### INFORMATION PROVIDED
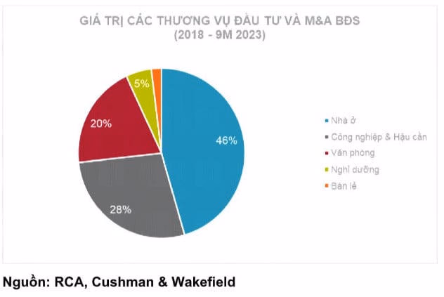 Chỉ trong 9 tháng đầu năm 2023, Việt Nam ghi nhận tổng lượng vốn đầu tư và M&A bất động sản đạt khoảng 4,2 tỷ USD, trong đó loại hình nhà ở và công nghiệp chiếm tỷ trọng lần lượng 46% và 28%. Điều này cho thấy khẩu vị của nhà đầu tư nước ngoài vẫn tập trung vào các loại tài sản truyền thống tại Việt Nam, phục vụ chính cho nhu cầu “an cư, lạc nghiệp”.
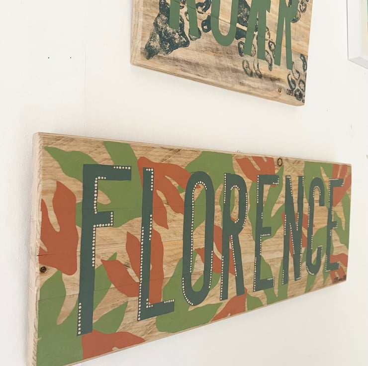 All my signs are handmade from start to finish from my initial selection of timber to drawing and cutting my own stamps. I select timber that hasn’t been planed and whilst sanding I like to keep all of the knots and textures which make each sign unique in feel. Each sign is hand stamped and painted using beautiful natural colours and finished with matt varnish.
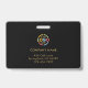 Tarjeta de identificación de empleado horizontal minimalista moderna personalizada en negro y dorado con foto y logotipo de la empresa. Esta elegante tarjeta presenta un logotipo dorado personalizado, nombre y título para un aspecto pulido. Perfecto para empresas que buscan una identidad elegante y cohesionada.

### TASK TO CARRY OUT
Transcribe exactly, with no pictures, the lines running from the first line of the material through the line holding "All my signs".

### FINISHED EXERCISE
 Chỉ trong 9 tháng đầu năm 2023, Việt Nam ghi nhận tổng lượng vốn đầu tư và M&A bất động sản đạt khoảng 4,2 tỷ USD, trong đó loại hình nhà ở và công nghiệp chiếm tỷ trọng lần lượng 46% và 28%. Điều này cho thấy khẩu vị của nhà đầu tư nước ngoài vẫn tập trung vào các loại tài sản truyền thống tại Việt Nam, phục vụ chính cho nhu cầu “an cư, lạc nghiệp”.
 All my signs are handmade from start to finish from my initial selection of timber to drawing and cutting my own stamps. I select timber that hasn’t been planed and whilst sanding I like to keep all of the knots and textures which make each sign unique in feel. Each sign is hand stamped and painted using beautiful natural colours and finished with matt varnish.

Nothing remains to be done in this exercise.